Better to Beg Forgiveness-ARC by Michael Z. Williamson


  Through the grounds, through a hole in the wall. He'd cringed when Aramis and Bart had blown that gaping wound in his pride and property, but it made sense. Nor was it his palace now, and might not be ever again, but it was dispensable if he could get to safety and get a message out.

  He had no idea how they'd navigated the wandering mob. Weed, liquor, other intoxicants filled the crowd and the air. Men milled aimlessly, shuffled, argued with one another, themselves, and the empty air. Occasional fights turned to brawls, as did minor brushes because someone's honor was offended. Then there were the actual gangs and tribal contingents, armed and colorful and looking to fight.

  He should be shooting, damn it.

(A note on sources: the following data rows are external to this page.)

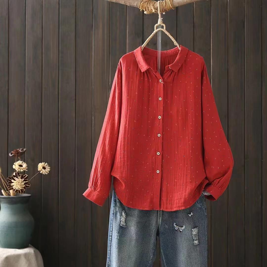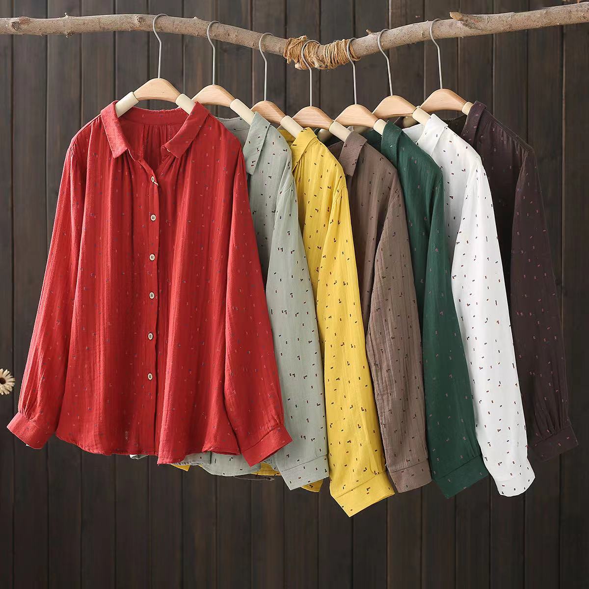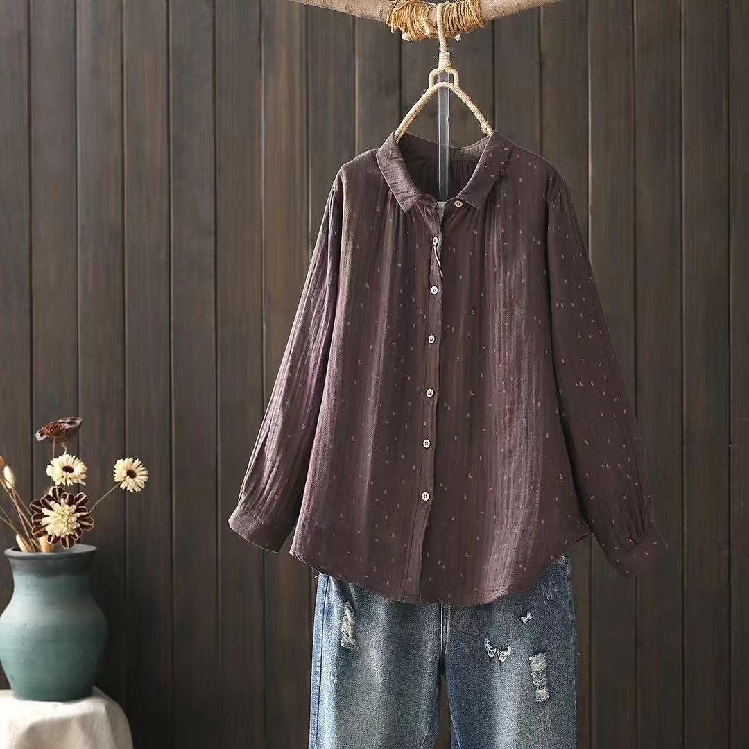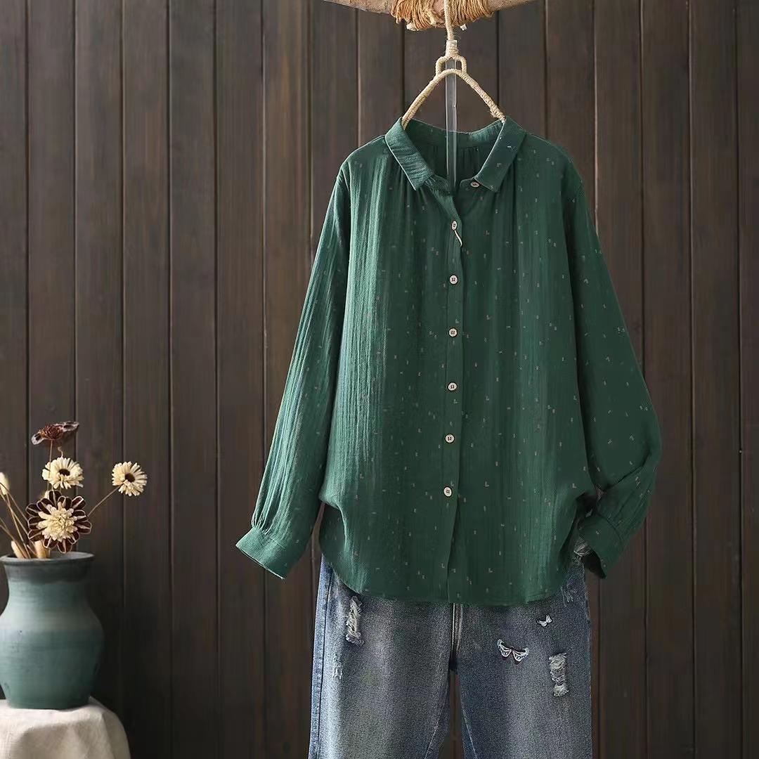 Camisa estampada de manga larga elegante retro para mujer primavera 2024 nueva camisa informal holgada de nicho para uso interior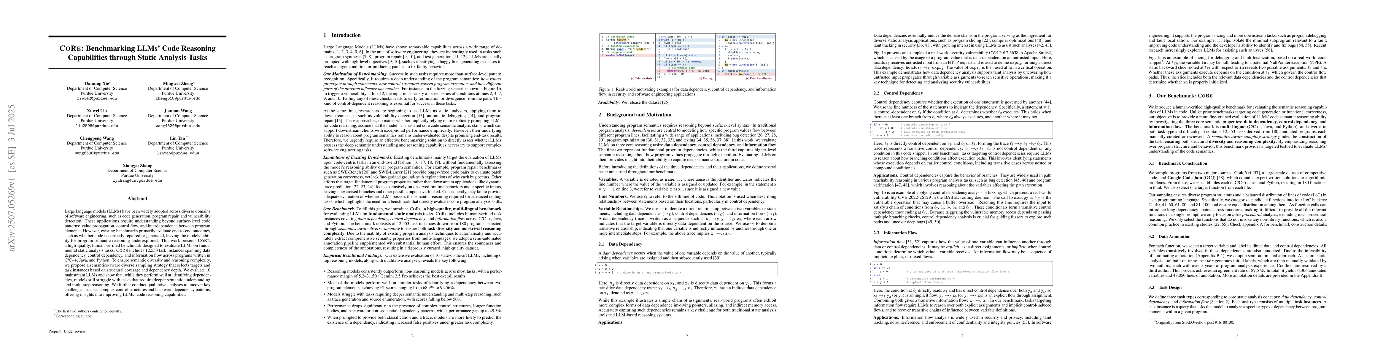 Large language models (LLMs) have been widely adopted across diverse software engineering domains, such as code generation, program repair, and vulnerability detection. These applications require understanding beyond surface-level code patterns: value propagation, control flow, and interdependence between program elements. However, existing benchmarks primarily evaluate end-to-end outcomes, such as whether code is correctly repaired or generated, leaving the models ability for program semantic reasoning underexplored. This work presents CoRe, a high-quality, human-verified benchmark designed to evaluate LLMs on fundamental static analysis tasks. CoRe includes 12,553 task instances spanning data dependency, control dependency, and information flow across programs written in C/C++, Java, and Python. To ensure semantic diversity and reasoning complexity, we propose a semantics-aware diverse sampling strategy that selects targets and task instances based on structural coverage and dependency depth. We evaluate 10 mainstream LLMs and show that, while they perform well at identifying dependencies, models still struggle with tasks that require deeper semantic understanding and multi-step reasoning. We further conduct qualitative analyses to uncover key challenges, such as complex control structures and backward dependency patterns, offering insights into improving LLMs code reasoning capabilities.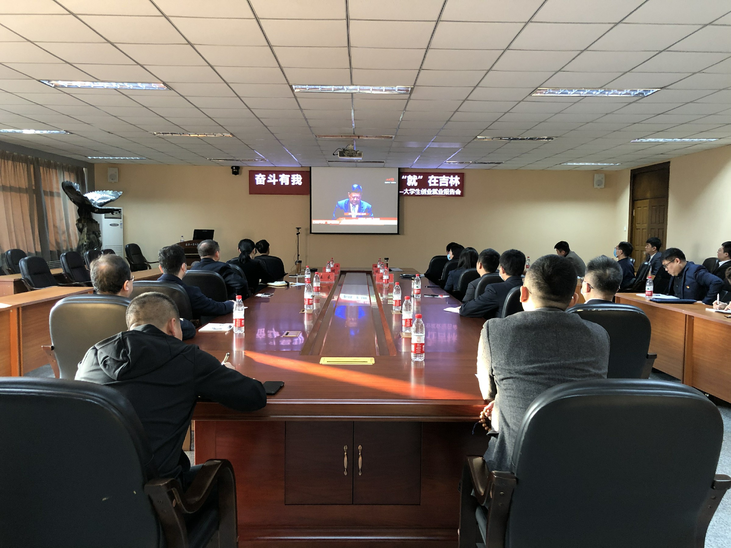 12月29日下午,学校组织师生在线收看“奋斗有我, ‘就’在吉林”大学生创业就业报告会,学校董事长张兆华,校长潘福林,党委书记王煊,副校长兼教务处长臧玉萍,党委副书记周丹,校长助理兼招生就业处长王爽,各学院德育办主任、招生就业处及就业创业教研部全体成员25人在学校三楼会议室参加集中收看。其他学校领导班子成员、各学院院长、就业指导教师、全体辅导员,及大三、大四全体同学在手机端参加线上直播收看。

He kept watching Alex for a signal that didn't come. The EPs and STs pointed their weapons occasionally, but did not fire, showing a level of control he found worthy of respect, because it matched the control he had to exercise when dealing with obnoxious elements whom he nevertheless needed favors from.

  He was amazed at how far they got before being noticed, how long it took for that notice to turn to recognition of them as (mostly) foreign and armed, and how long it was before that recognition turned to any kind of response.

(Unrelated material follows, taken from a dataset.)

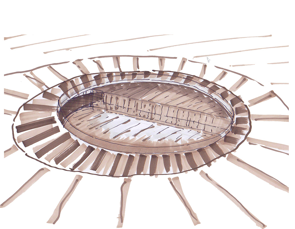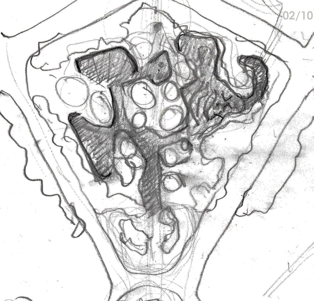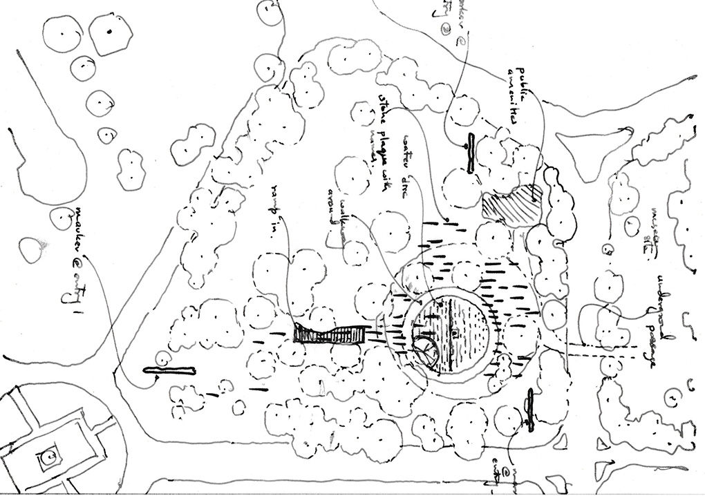 The linear line-like quality of the plan itself is balanced by the non linear disc which is offset from the centre, subterranean in its construction so as to not block the iconic landmarks that dote the landscape around.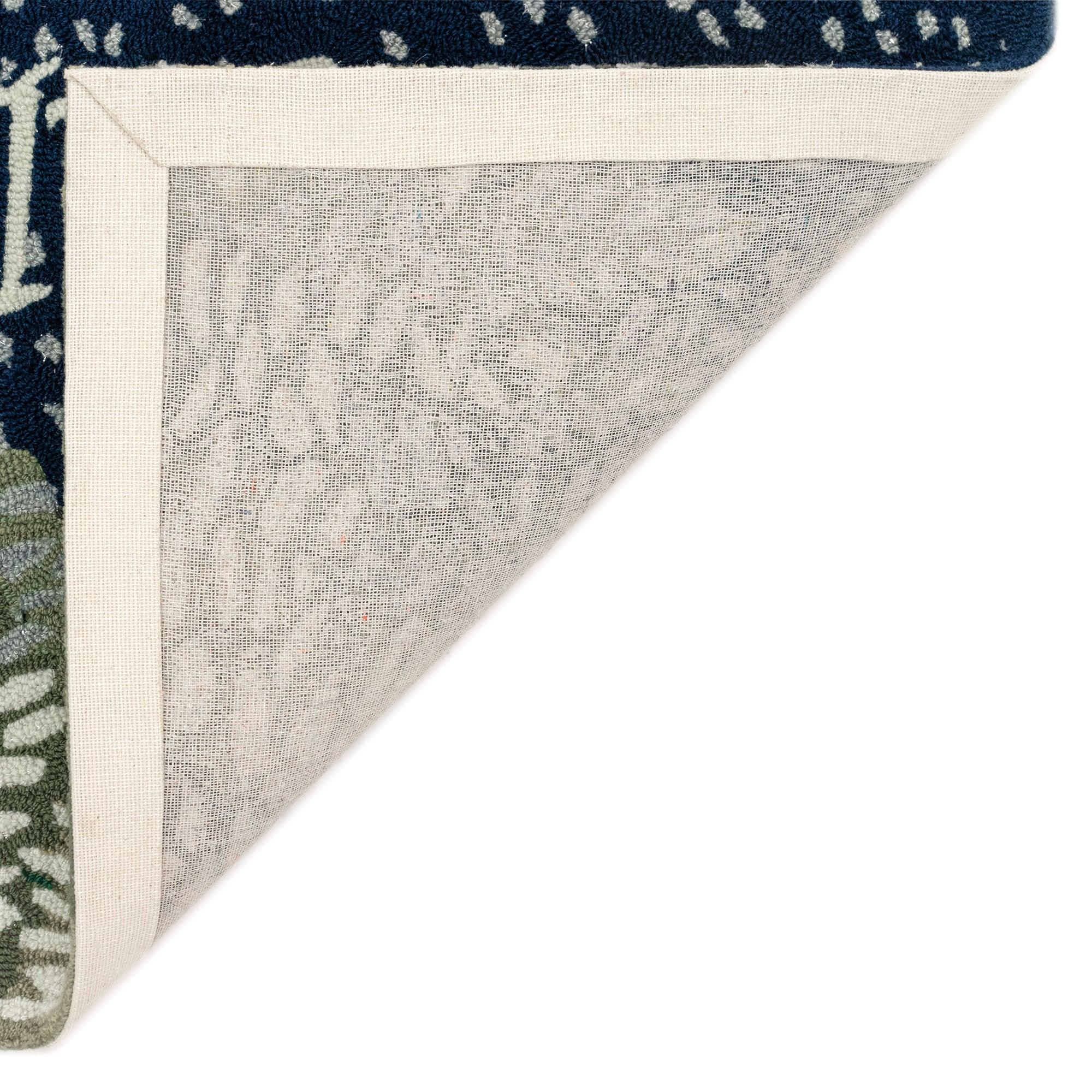 Frontporch Let It Snow Navy door mat, perfect for welcoming guests with a touch of winter charm. This serene design captures the essence of a peaceful snowfall against tranquil winter trees. Hand hooked using weather-resistant fibers, this collection offers a mix of comfort, softness, and durability.

  They were a kilometer into it, with Bishwanath's heart pounding in his chest and ears, adrenaline coursing in response to the exercise and the nearby gunfire, before any kind of activity was directed at them.

  One of the STs fired a burst at a man who was pointing a shotgun generally in their direction. They kept running, ignoring the shrieks and shouts from the surrounding people.

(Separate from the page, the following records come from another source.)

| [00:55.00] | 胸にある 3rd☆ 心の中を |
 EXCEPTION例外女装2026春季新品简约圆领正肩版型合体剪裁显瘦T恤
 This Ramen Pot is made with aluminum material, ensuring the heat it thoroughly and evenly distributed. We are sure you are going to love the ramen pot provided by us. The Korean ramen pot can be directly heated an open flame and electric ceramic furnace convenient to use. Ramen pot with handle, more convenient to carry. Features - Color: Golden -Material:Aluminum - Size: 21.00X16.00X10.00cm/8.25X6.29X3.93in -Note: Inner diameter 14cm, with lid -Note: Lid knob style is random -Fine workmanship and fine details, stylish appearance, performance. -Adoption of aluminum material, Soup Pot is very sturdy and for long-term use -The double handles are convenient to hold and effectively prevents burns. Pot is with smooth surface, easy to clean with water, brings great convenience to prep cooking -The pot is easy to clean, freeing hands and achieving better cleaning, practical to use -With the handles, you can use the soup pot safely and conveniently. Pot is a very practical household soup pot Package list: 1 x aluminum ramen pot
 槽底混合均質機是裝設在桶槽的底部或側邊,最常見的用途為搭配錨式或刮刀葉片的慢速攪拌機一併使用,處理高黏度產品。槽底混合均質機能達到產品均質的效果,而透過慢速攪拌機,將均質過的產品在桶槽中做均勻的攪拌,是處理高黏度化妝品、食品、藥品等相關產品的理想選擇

  The scattered cases underfoot were both amusingly ironic and embarrassing. That so much money could be spent on so much ammunition and used to so little effect . . . versus this group of professionals that had fired almost never and scored almost every time. Aggression and weapons were necessary, but without discipline, the rest was meaningless. He knew that even against the Army, this team would prevail against substantial odds. That was a blow to Bishwanath's ego about his people and country, but it was a boost to his confidence in survival.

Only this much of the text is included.